Also if any one sprays can you weigh in on how it is going for you? What the income is like and how steady is the work? I'm considering starting a lawncare bus. next year for some extra cash through school and see what happens. I'd like to be able to spray since 98% of the people here just simply mow and that's it. I figured that may set me apart a bit and I could pick up some money without worrying so much about being undercut by some1 else on mowing prices. Any advice or suggestions would be great.

teeca
05-14-2008, 04:44 PM
here in indiana you need to
1) pass your specific catagory (turf)
2) work under a licensed appicator for 90days or go to purdue univ. and take a days traing corse
4) get insurance that covers lawncare or whatever is your doing and make sure that it covers vehicle and chemical liability. (i had american family, found out they don't cover liquid apps, just granular)
5) pay $45 for your catagory and another $45 for your business license
6) start beating doors to get work

i'm sure most states are simular, indiana just does what the EPA mandated each state must do, others have added to the requirments to make it look like there law makers are doing something.

whitefrog1
05-14-2008, 05:19 PM
Thanks for the heads up on the granular and liquid. I hope I only have to go to a training seminar at UT. I didn't go to the one for the certification. My classes were sufficient enough to pass it. Do you get a decent amount of work? Is it worth doing? All I see arounf here is scott's and a couple of major outfits. I think there could be some business in it with the high end houses.

Whitey4
05-14-2008, 11:40 PM
As far as getting legal, check the pinned thread at the top, if you haven't already done so. Yes, applications can be a profitable business, and not just the high end residentisals. i do maintenance, but that is becasue so many people want to deal with one lawn-property care outfit, not two.

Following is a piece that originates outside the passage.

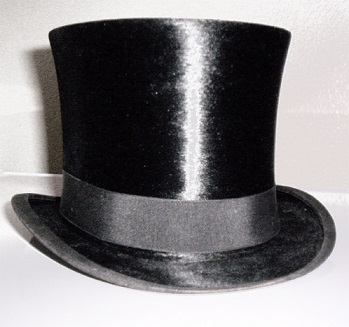 auf dem Kopf einen Zylinder, an den Füßen schwarze Lackschuhe, in der
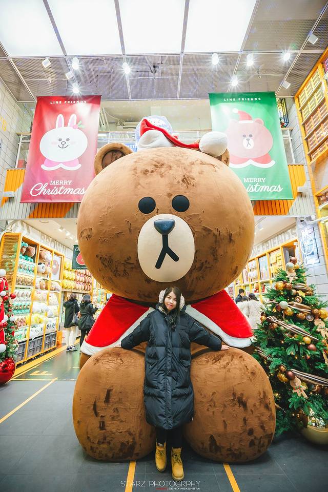 明洞的LINE FRIENDS STORE总是人气爆棚!守在门口的大熊也换上圣诞装束,可爱无比!不过人流较多,拍照需要排队哦!里面也有许多韩国独有的公仔,韩版风十分可爱,如果你是LINE的粉丝,那么来韩国可真不要错过咯~买买买!

This is my first year being certified, and all the money is in apps, installs and renovations. I've already done everything from crabgrass controls to apple tree growth hormones to prevent fruiting. It's an interesting field, and if one is to be any good at it, takes some gray matter. Even treating water features is good money. (the little ponds with waterfalls, etc).

Best of luck!

jcthorne
05-16-2008, 08:23 AM
Call Mary Borthick @ 615-837-5310 with TDA. She can answer all of your questions.

rachael24
05-16-2008, 10:00 AM
Anyone know about NY and how to go about this...Thanks for the help!

Whitey4
05-16-2008, 07:04 PM
Anyone know about NY and how to go about this...Thanks for the help!

Check the pinned topic at the top of this forum, and this link has info....

http://www.lawnsite.com/showthread.php?t=230733

vegomatic40
05-17-2008, 10:04 AM
Tennessee requires working under a licensed applicator for a minimum of 2 yrs or, 4 yr. degree. I believe you can also apply for the license if you have "suitable work experience" and basically have to submit to Reg. Services for the licensing exam. Test has become pretty tough in this state as I've heard many kids coming out of UT and other colleges with a degree, only to fail in either the "core test" or the ID section. Many have complained that the test has non-applicable questions regarding their particular category (WDO questions in a HLT test) so a broad range of knowledge is suggested. At $150 a pop it pays to be prepared.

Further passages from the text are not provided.